[Data to use Boundary: Start]

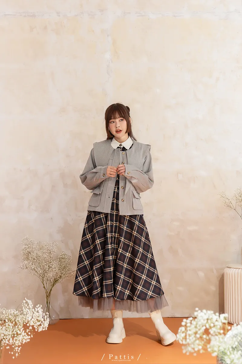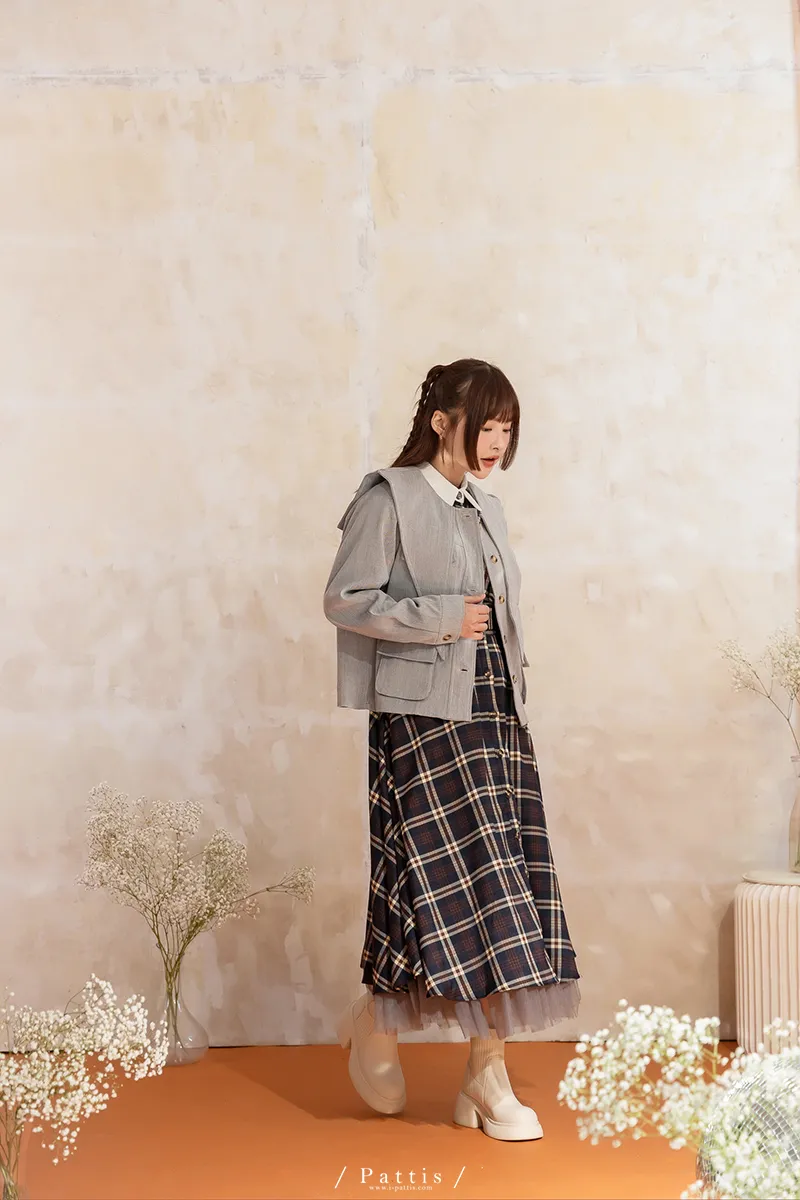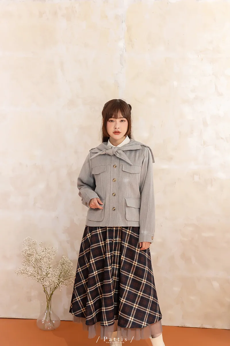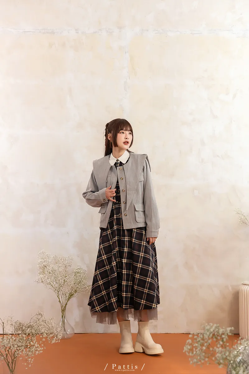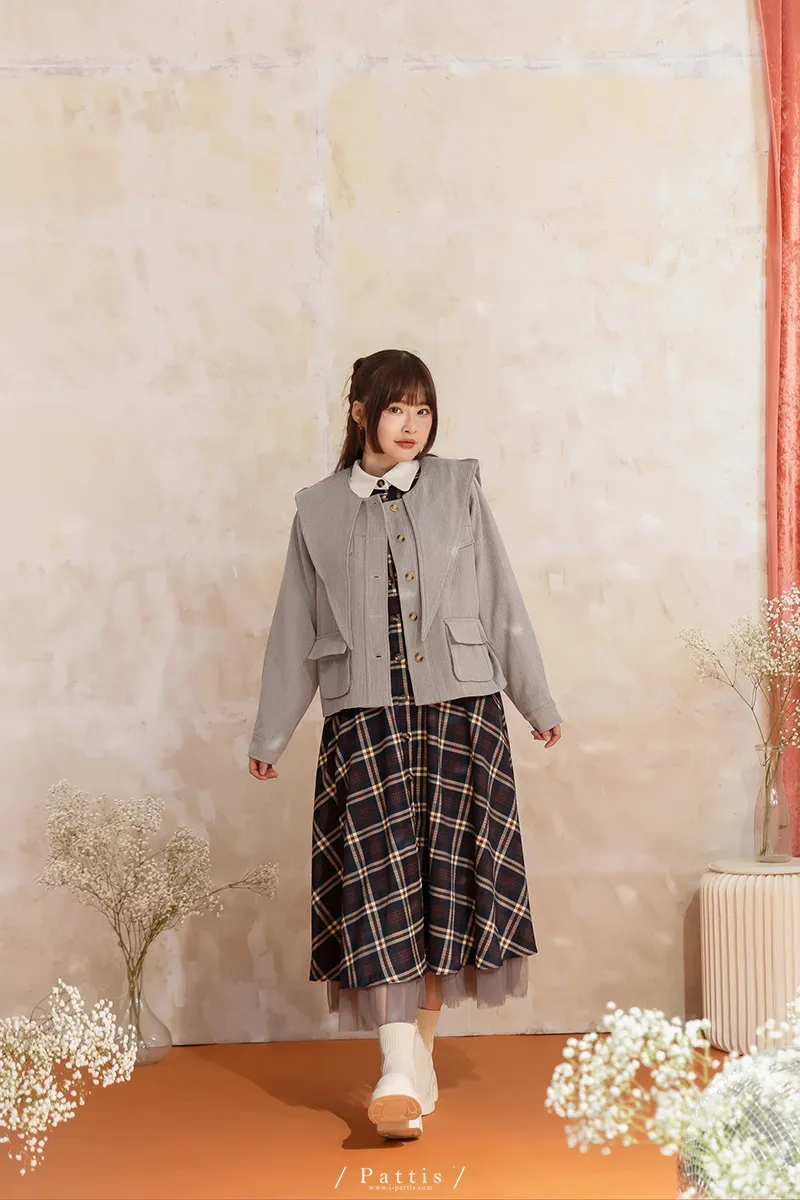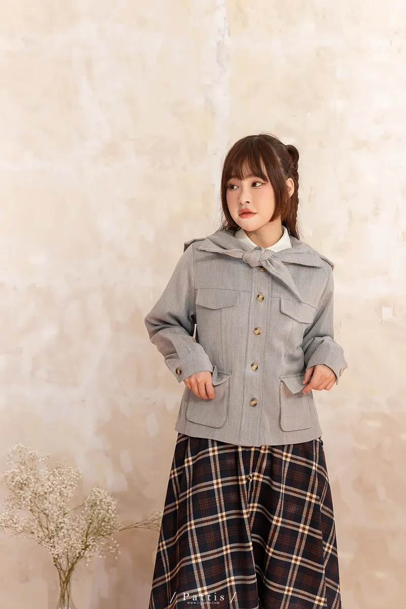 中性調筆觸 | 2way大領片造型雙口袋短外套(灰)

[Data to use Boundary: End]
[Data to use Boundary: Start]

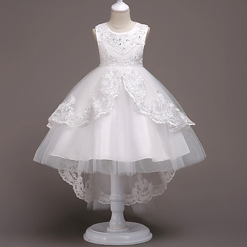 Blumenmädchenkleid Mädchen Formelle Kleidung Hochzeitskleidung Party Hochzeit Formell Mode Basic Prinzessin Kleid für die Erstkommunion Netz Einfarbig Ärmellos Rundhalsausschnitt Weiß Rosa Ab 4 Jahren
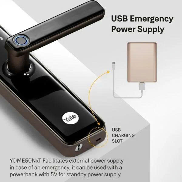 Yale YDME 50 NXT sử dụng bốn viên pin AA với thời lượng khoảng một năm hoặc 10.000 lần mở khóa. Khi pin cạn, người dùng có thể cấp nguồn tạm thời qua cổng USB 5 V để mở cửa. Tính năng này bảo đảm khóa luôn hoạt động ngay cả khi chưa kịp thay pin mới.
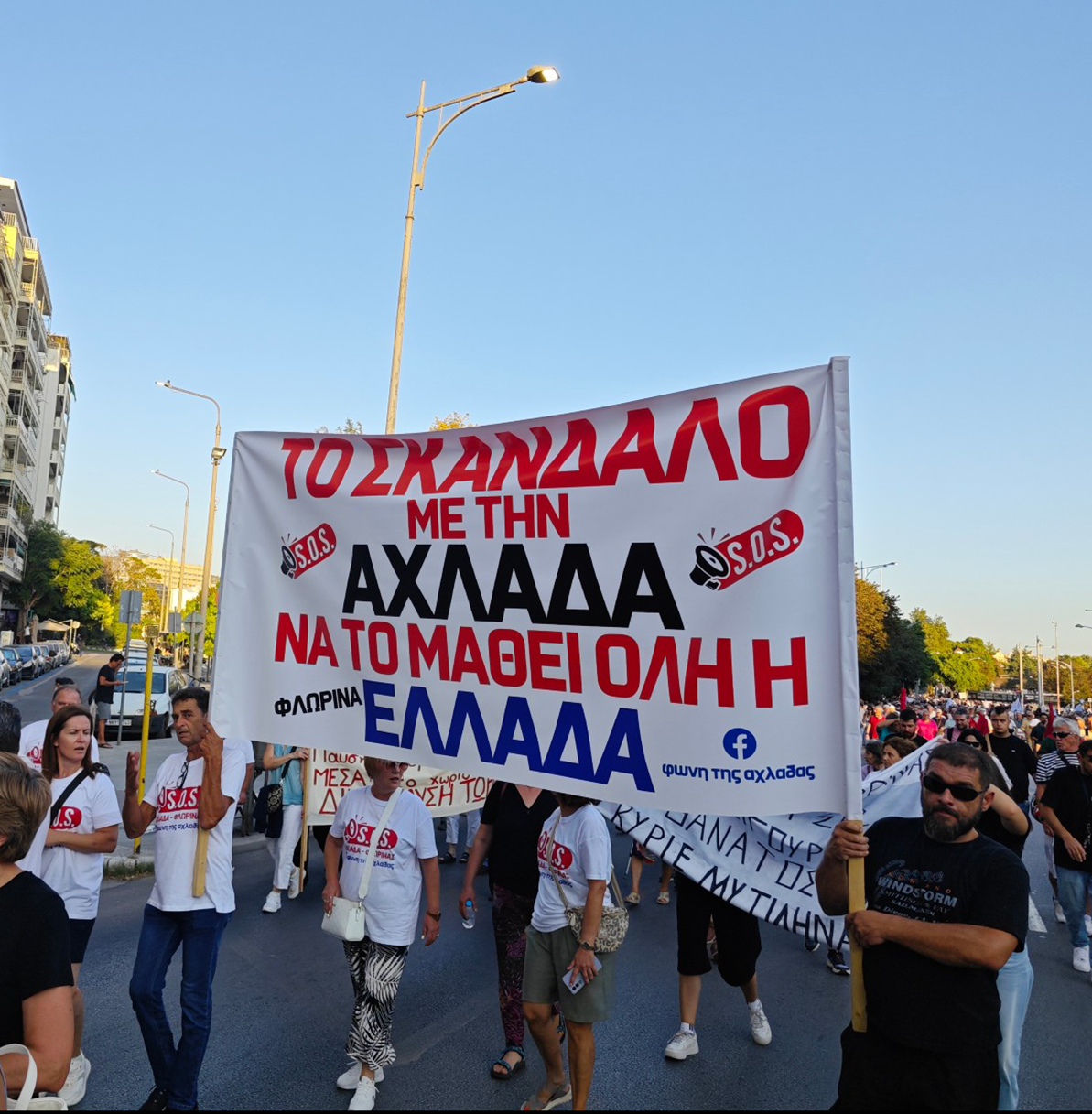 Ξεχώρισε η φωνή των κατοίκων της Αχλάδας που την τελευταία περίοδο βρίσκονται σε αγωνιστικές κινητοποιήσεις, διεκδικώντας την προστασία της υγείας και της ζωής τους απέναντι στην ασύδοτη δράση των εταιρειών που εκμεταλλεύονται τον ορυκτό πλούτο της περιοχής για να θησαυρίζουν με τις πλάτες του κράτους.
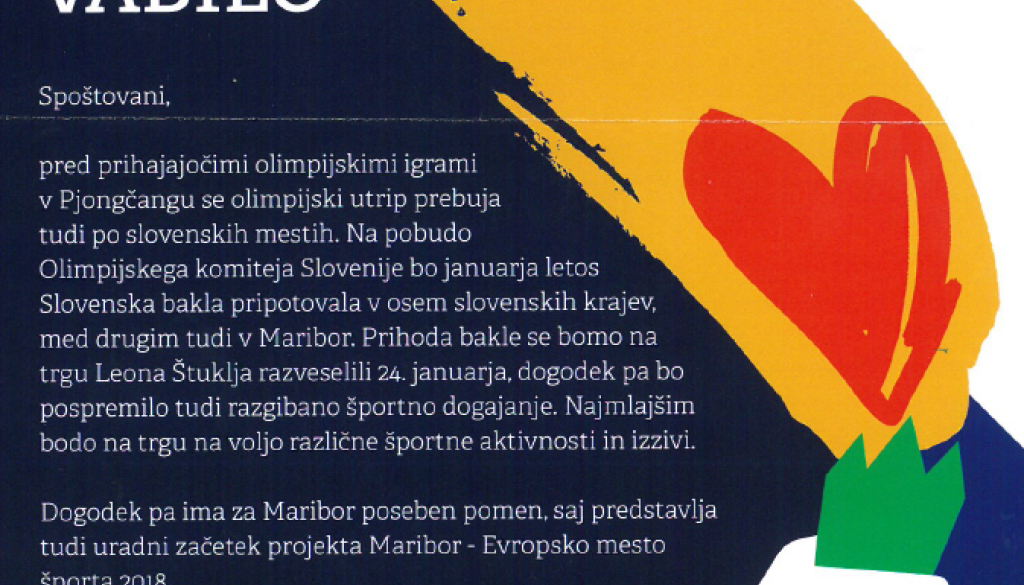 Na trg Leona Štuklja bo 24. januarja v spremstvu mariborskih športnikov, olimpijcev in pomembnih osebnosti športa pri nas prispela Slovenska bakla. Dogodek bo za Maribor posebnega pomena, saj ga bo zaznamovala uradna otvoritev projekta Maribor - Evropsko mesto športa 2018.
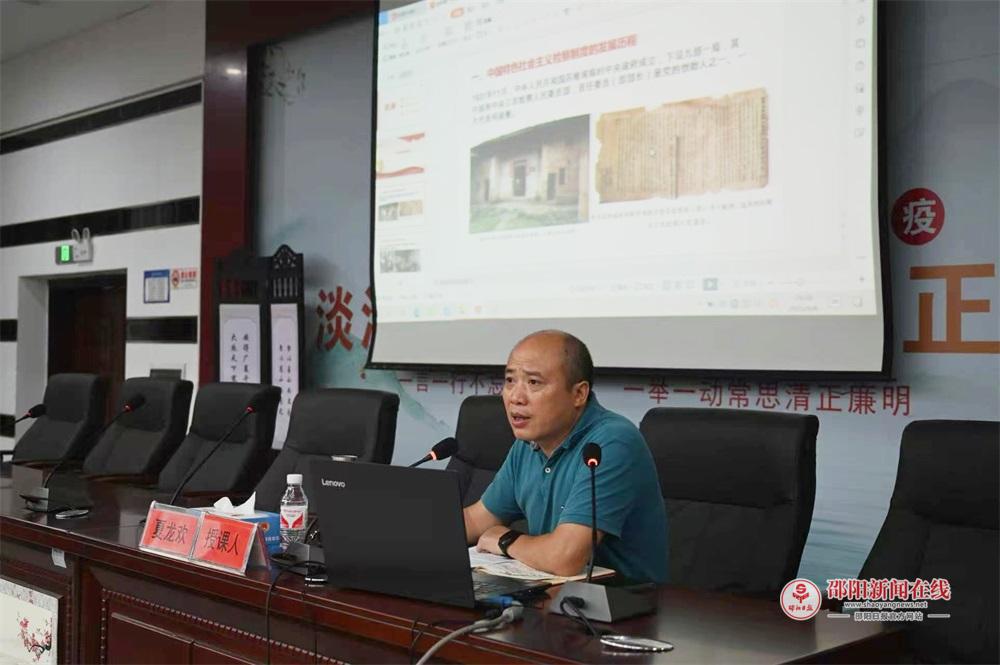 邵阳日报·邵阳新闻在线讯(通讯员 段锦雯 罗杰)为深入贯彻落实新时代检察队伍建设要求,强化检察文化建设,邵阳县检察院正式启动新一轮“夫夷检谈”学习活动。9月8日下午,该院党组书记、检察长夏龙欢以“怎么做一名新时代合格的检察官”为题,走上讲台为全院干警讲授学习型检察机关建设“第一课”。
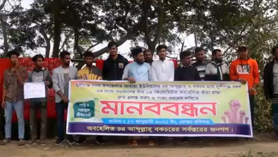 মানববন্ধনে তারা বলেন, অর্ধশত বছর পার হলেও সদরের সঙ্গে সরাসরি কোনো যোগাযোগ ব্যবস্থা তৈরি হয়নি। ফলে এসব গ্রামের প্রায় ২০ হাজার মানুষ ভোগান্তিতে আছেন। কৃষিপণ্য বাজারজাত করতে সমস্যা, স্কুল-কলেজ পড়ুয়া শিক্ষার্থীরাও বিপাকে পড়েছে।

[Data to use Boundary: End]
[Data to use Boundary: Start]

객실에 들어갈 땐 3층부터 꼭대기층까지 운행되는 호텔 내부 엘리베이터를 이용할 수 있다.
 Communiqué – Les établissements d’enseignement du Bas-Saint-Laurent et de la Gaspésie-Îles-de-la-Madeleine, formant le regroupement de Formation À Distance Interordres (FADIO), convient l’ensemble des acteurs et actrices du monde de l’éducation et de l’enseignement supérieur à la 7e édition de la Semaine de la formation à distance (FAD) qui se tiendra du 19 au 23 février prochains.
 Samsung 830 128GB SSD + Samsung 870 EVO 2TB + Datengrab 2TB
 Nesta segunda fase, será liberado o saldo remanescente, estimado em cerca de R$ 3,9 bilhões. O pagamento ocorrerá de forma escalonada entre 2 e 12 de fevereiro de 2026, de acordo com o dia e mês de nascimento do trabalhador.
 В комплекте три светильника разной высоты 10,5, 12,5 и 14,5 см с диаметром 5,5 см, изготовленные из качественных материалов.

[Data to use Boundary: End]

Return, exactly as they stand, the lines above from the one with "Yale YDME 50" to the one with "Na trg Leona", omitting any pictures among them.

* _Problem solution_
 Yale YDME 50 NXT sử dụng bốn viên pin AA với thời lượng khoảng một năm hoặc 10.000 lần mở khóa. Khi pin cạn, người dùng có thể cấp nguồn tạm thời qua cổng USB 5 V để mở cửa. Tính năng này bảo đảm khóa luôn hoạt động ngay cả khi chưa kịp thay pin mới.
 Ξεχώρισε η φωνή των κατοίκων της Αχλάδας που την τελευταία περίοδο βρίσκονται σε αγωνιστικές κινητοποιήσεις, διεκδικώντας την προστασία της υγείας και της ζωής τους απέναντι στην ασύδοτη δράση των εταιρειών που εκμεταλλεύονται τον ορυκτό πλούτο της περιοχής για να θησαυρίζουν με τις πλάτες του κράτους.
 Na trg Leona Štuklja bo 24. januarja v spremstvu mariborskih športnikov, olimpijcev in pomembnih osebnosti športa pri nas prispela Slovenska bakla. Dogodek bo za Maribor posebnega pomena, saj ga bo zaznamovala uradna otvoritev projekta Maribor - Evropsko mesto športa 2018.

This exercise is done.